> ACTIVITY
Across the entries below, how many lines have the word "while" in them? Respond with only the number.

> DATA SHOWN
═══

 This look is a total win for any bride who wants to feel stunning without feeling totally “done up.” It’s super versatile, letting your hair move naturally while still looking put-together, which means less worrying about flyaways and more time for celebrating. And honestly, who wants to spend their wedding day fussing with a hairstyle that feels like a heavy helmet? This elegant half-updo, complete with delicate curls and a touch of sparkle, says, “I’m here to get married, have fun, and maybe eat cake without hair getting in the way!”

═══

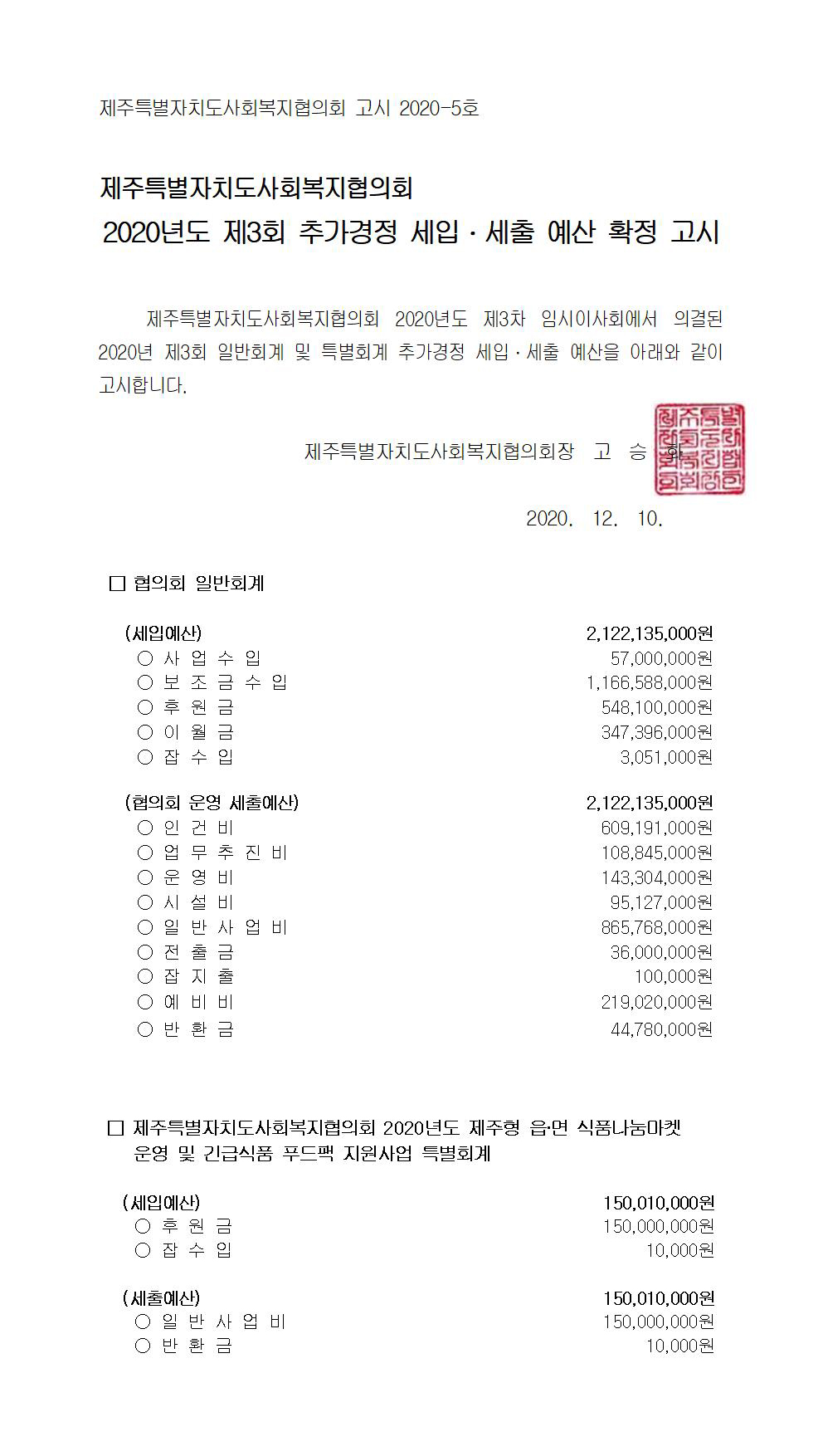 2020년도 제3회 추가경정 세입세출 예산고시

═══

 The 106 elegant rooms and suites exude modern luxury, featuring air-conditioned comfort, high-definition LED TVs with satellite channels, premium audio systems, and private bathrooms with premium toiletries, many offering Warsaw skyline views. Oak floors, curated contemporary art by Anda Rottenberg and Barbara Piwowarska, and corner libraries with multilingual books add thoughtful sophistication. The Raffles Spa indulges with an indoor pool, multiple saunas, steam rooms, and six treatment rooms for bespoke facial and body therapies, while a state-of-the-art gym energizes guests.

═══

> RESPONSE
2